• _WHAT THE TASK ASKS_:
Write out the data exactly as given, dropping every picture.

• _SOURCE MATERIAL_:
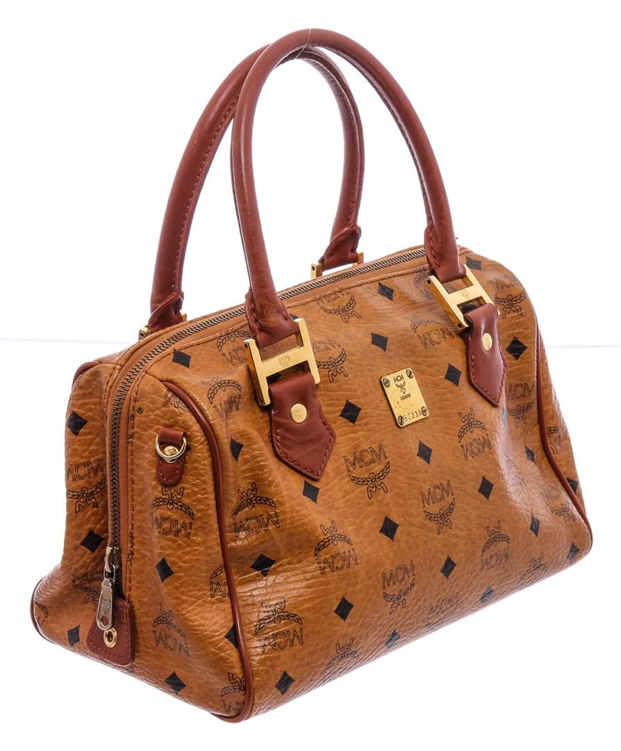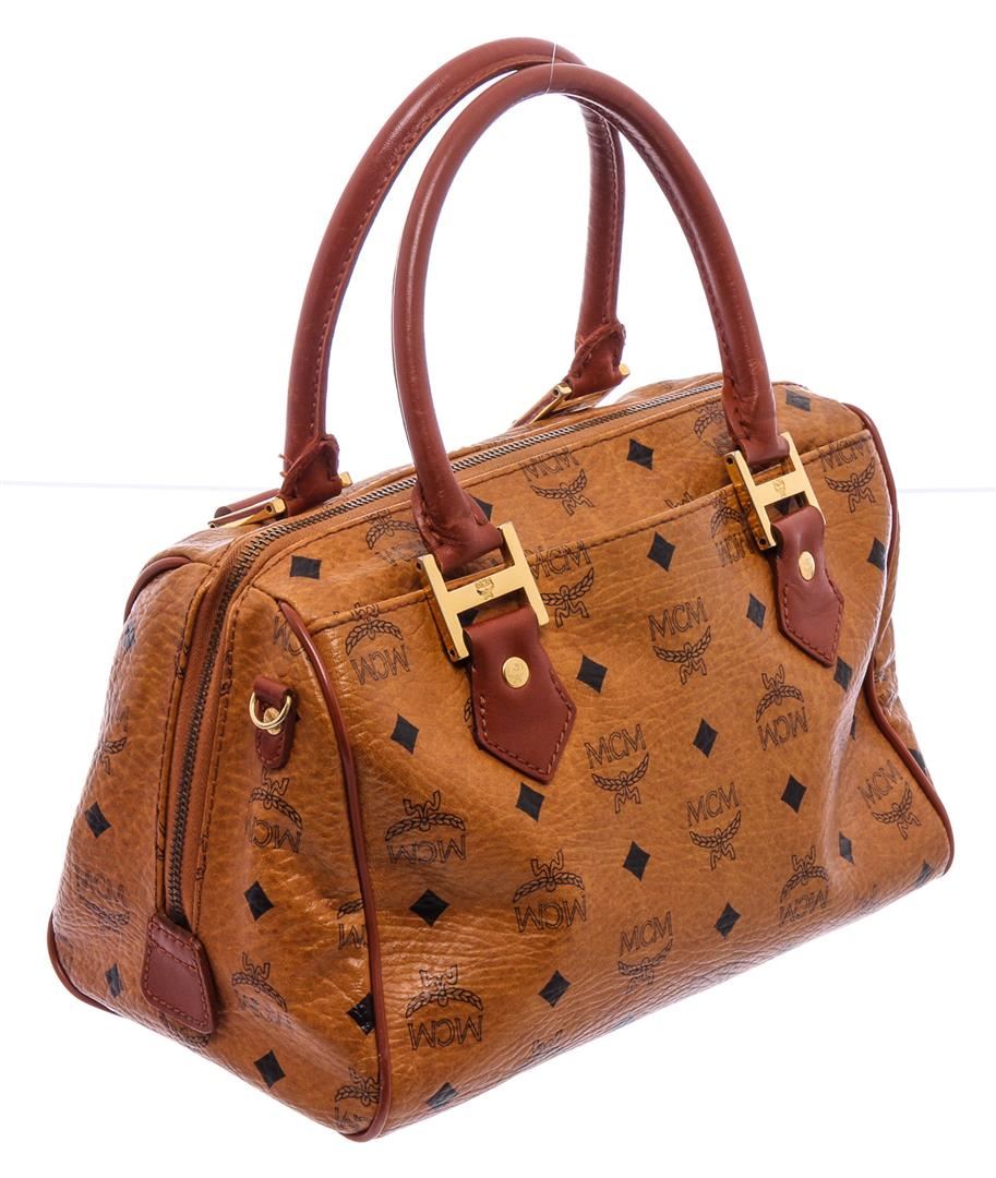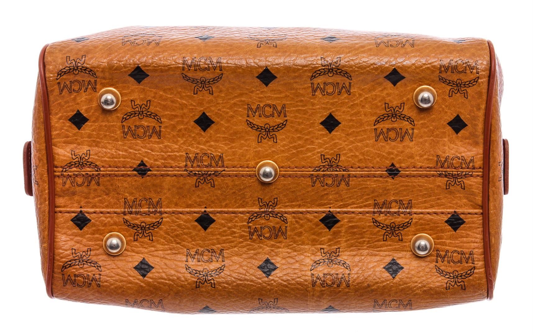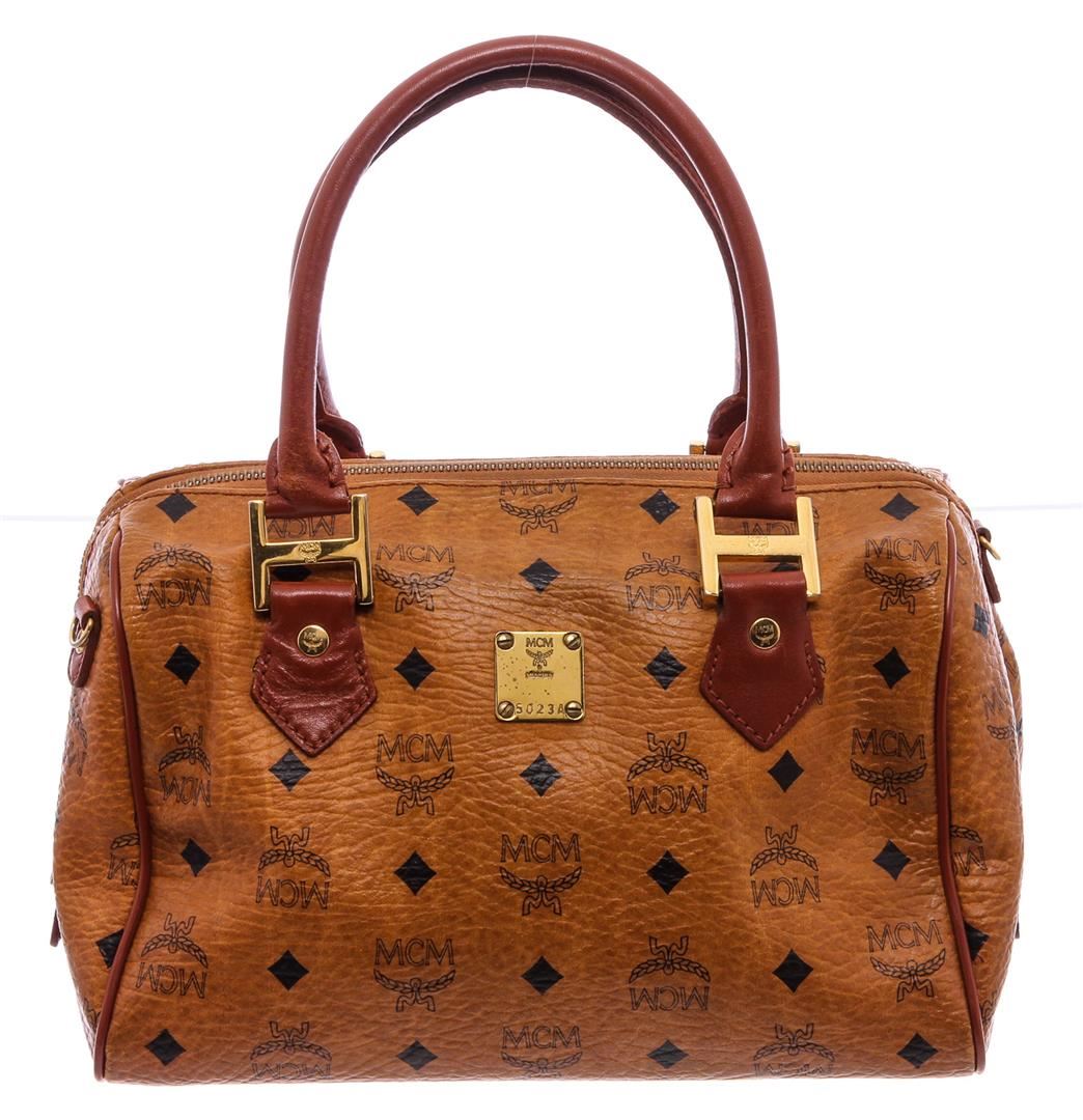One MCM Brown Visetos Leather Coated Canvas Boston Handle Bag. Brown and black Visetos coated canvas MCM Boston bag with gold-tone hardware, cinnamon leather trim, dual rolled leather top handles, logo placard at front face, single slit pocket at back, protective feet at base, orange monogram jacquard lining, dual pockets at interior walls; one with zip closure and zip closure at top.
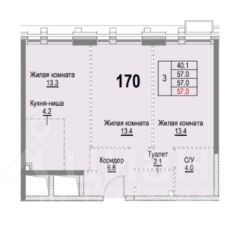 3-комн. квартира, 57 м²
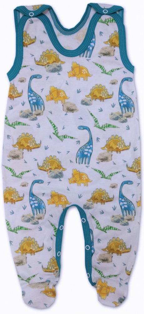 dupačky jsou vyrobeny z příjemné super jemné bavlny, zapínání na ramínkách a mezi nožičkami na baby druky - usnadňuje pohodlné oblékání i přebalování miminek. Dupačky s obrázky dinosaurů, lemování v barvě mořský tyrkys.
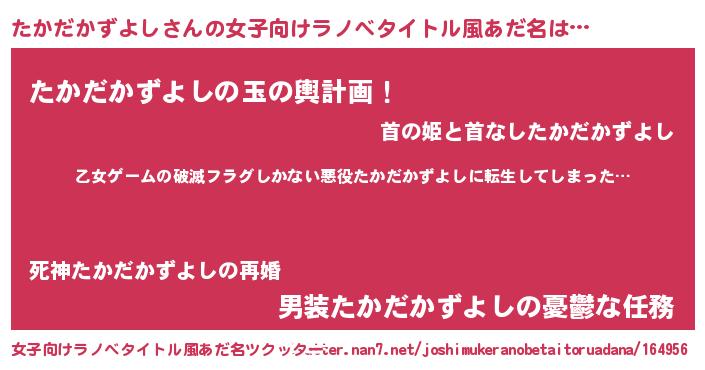 | 胡散臭い通販商品みたいなあだ名 | 『世界中を虜にした世界で10本だけ現存している希少なブランデー…その名も「たかだかずよし」』 |
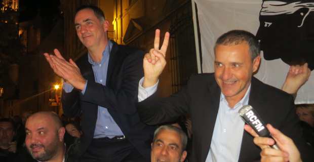 Les deux leader nationalistes, Gilles Simeoni, nouveau président du Conseil exécutif, et Jean-Guy Talamoni, nouveau président de l'Assemblée de Corse, portés en triomphe par une foule en liesse devant l'ancienne mairie de Bastia.
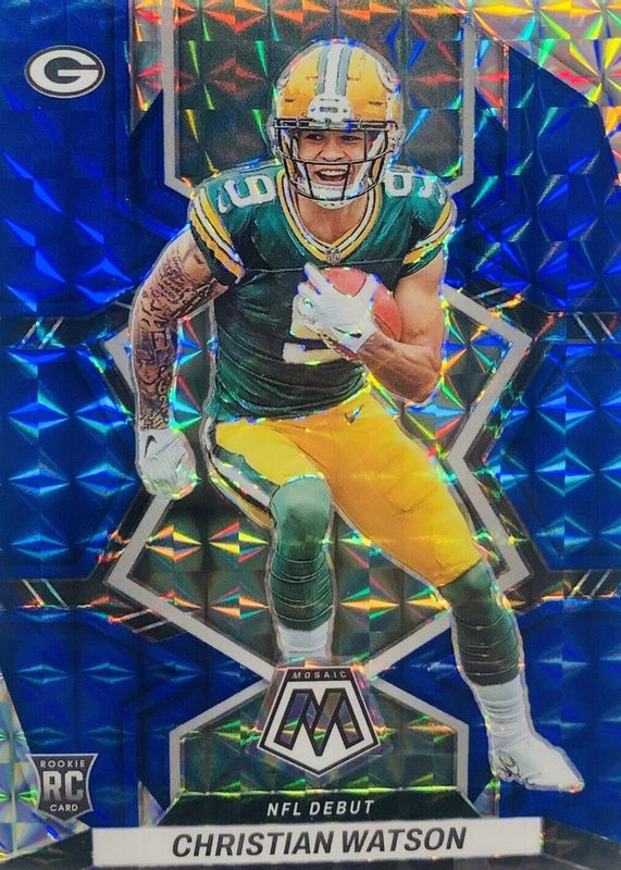 The Christian Watson 2022 Mosaic #281 NFL Debut - Blue /99 Rookie card in Raw condition has moved up $4.75 (+146%) in the last 30 days and was last sold for $8.00 .
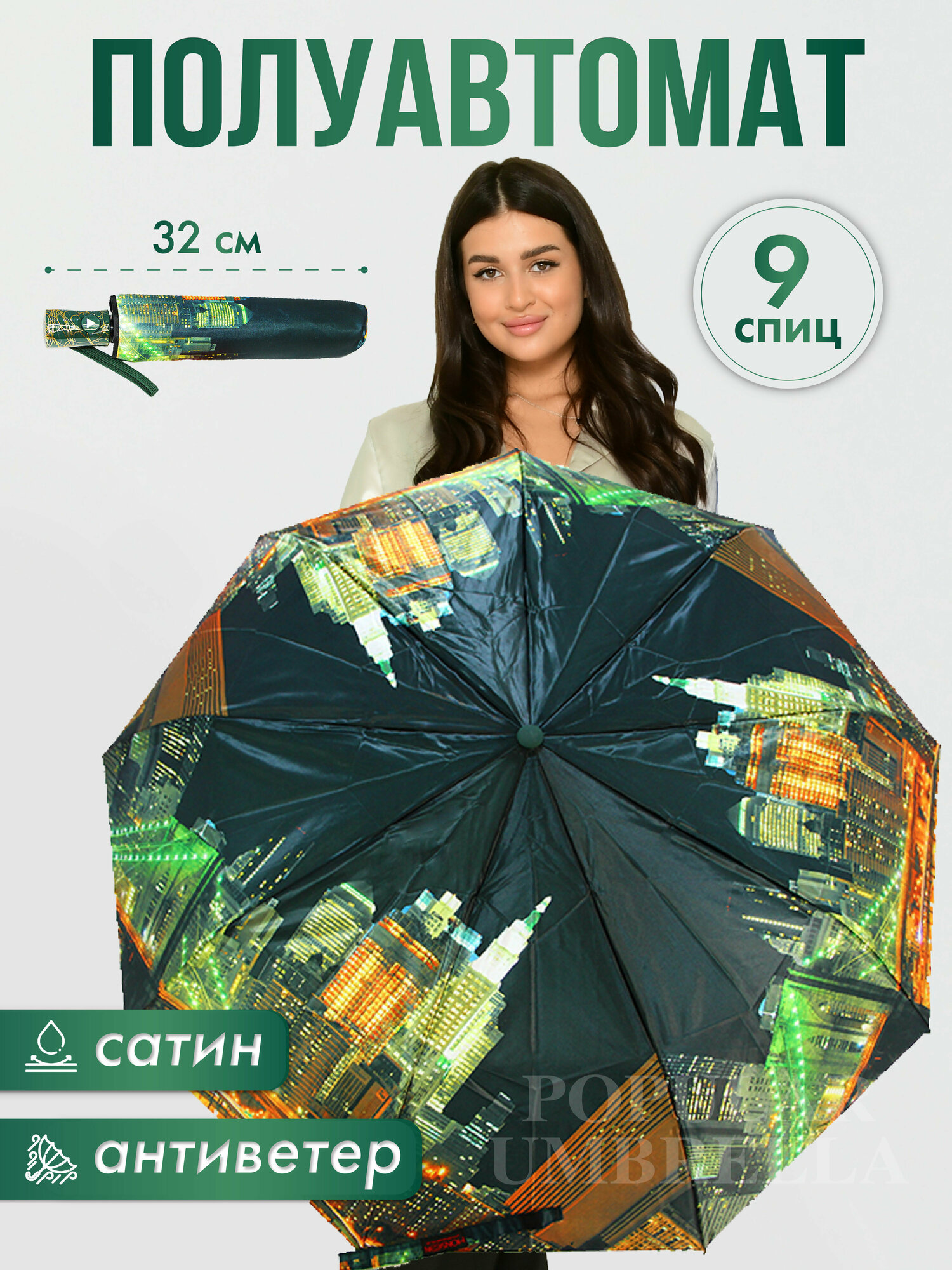 СохранитьЗонт женский полуавтомат, зонтик взрослый складной антиветер M8044, зеленый интересное:

• _WRITTEN SOLUTION_:
One MCM Brown Visetos Leather Coated Canvas Boston Handle Bag. Brown and black Visetos coated canvas MCM Boston bag with gold-tone hardware, cinnamon leather trim, dual rolled leather top handles, logo placard at front face, single slit pocket at back, protective feet at base, orange monogram jacquard lining, dual pockets at interior walls; one with zip closure and zip closure at top.
 3-комн. квартира, 57 м²
 dupačky jsou vyrobeny z příjemné super jemné bavlny, zapínání na ramínkách a mezi nožičkami na baby druky - usnadňuje pohodlné oblékání i přebalování miminek. Dupačky s obrázky dinosaurů, lemování v barvě mořský tyrkys.
 | 胡散臭い通販商品みたいなあだ名 | 『世界中を虜にした世界で10本だけ現存している希少なブランデー…その名も「たかだかずよし」』 |
 Les deux leader nationalistes, Gilles Simeoni, nouveau président du Conseil exécutif, et Jean-Guy Talamoni, nouveau président de l'Assemblée de Corse, portés en triomphe par une foule en liesse devant l'ancienne mairie de Bastia.
 The Christian Watson 2022 Mosaic #281 NFL Debut - Blue /99 Rookie card in Raw condition has moved up $4.75 (+146%) in the last 30 days and was last sold for $8.00 .
 СохранитьЗонт женский полуавтомат, зонтик взрослый складной антиветер M8044, зеленый интересное:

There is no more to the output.